D) The canceled ExpressRoute gateway left conflicting routes in Spoke-A's effective routing table

Scenario 2 — Action Decision

The security team identified that traffic between Spoke-B and Spoke-C is flowing directly between VMs without going through the centralized NVA in the Hub-VNet. The cause was confirmed: no UDRs were applied to Spoke-B and Spoke-C subnets. The environment is in production with dozens of active VMs in each Spoke. The NVA is already configured, with IP Forwarding enabled on the NIC, and the peering between each Spoke and the Hub has Allow forwarded traffic enabled.

The team has a 30-minute maintenance window available now. The application running on the VMs is sensitive to interruptions and any route change causes a TCP session reconnection of approximately 8 seconds.

What is the correct action to take at this time?

A) Recreate the peerings between Spoke-B, Spoke-C and the Hub-VNet with correct configurations to force route table updates

B) Apply UDRs to Spoke-B and Spoke-C subnets during the maintenance window, accepting the predicted 8-second reconnection impact

C) Enable Use remote gateways on Spoke-B and Spoke-C so the Hub will automatically control routing between Spokes

D) Wait for a larger maintenance window before applying any changes, as recreating peerings causes more severe impact than applying UDRs

Scenario 3 — Root Cause

An engineer configured service chaining between Spoke-D and Spoke-E via NVA in the Hub-VNet. UDRs were applied correctly in both Spokes. IP Forwarding is enabled on the NVA NIC. The peering between Spoke-D and Hub-VNet has Allow forwarded traffic enabled. The peering between Hub-VNet and Spoke-E also has Allow forwarded traffic enabled.

During tests, pings from VMs in Spoke-D reach the NVA (confirmed via tcpdump on the NVA VM), but do not advance to Spoke-E. The engineer checks the NVA operating system:

cat /proc/sys/net/ipv4/ip_forward
0

The engineer then checks the Azure portal and confirms that the NVA NIC has the IP Forwarding option marked as Enabled.

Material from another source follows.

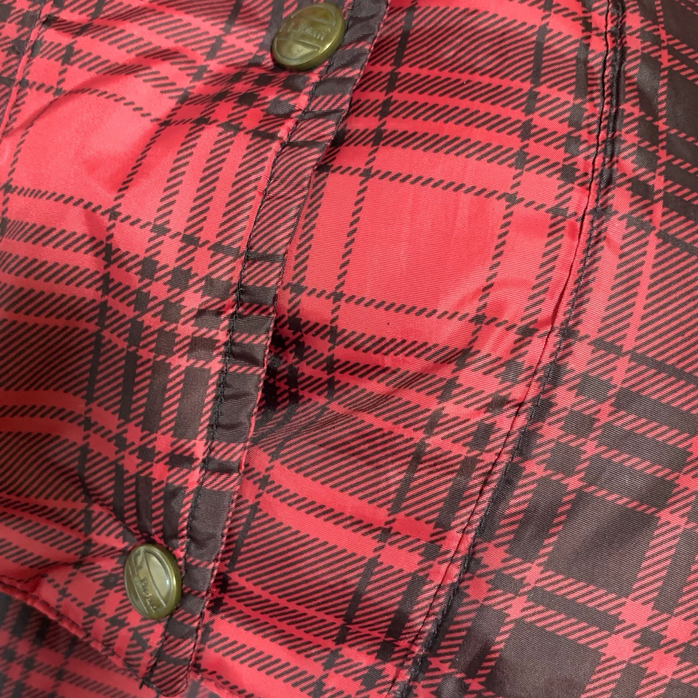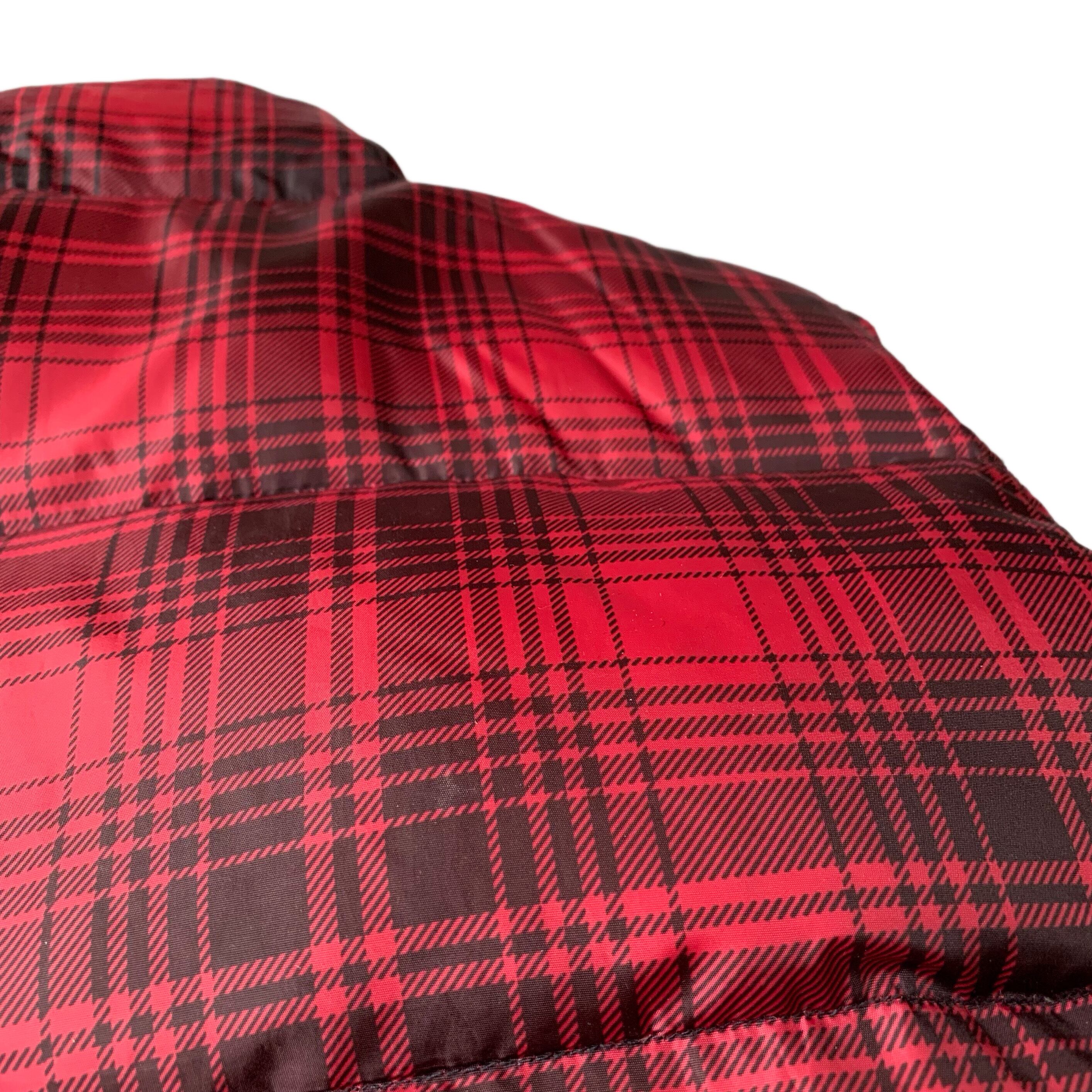 しっかり詰まったグースダウン、ブラック×レッドの良いチェック柄。

What is the root cause of the problem?

A) The peering between Hub-VNet and Spoke-E has Allow forwarded traffic disabled, dropping packets before they reach the destination VMs

B) The UDR in Spoke-D has the wrong next hop type; it should be VirtualNetworkGateway instead of VirtualAppliance

C) IP Forwarding is enabled in Azure (platform layer), but is disabled in the NVA VM operating system, which is where actual forwarding occurs

D) The NVA has only one NIC, which prevents routing between different subnet interfaces

Scenario 4 — Diagnostic Sequence

An administrator receives the following report: VMs in Spoke-F cannot reach an on-premises server with IP 192.168.10.50, but can reach other resources within Spoke-F itself and within Hub-VNet without problems. Hub-VNet has an active VPN gateway. The peering between Spoke-F and Hub-VNet exists and is listed as Connected.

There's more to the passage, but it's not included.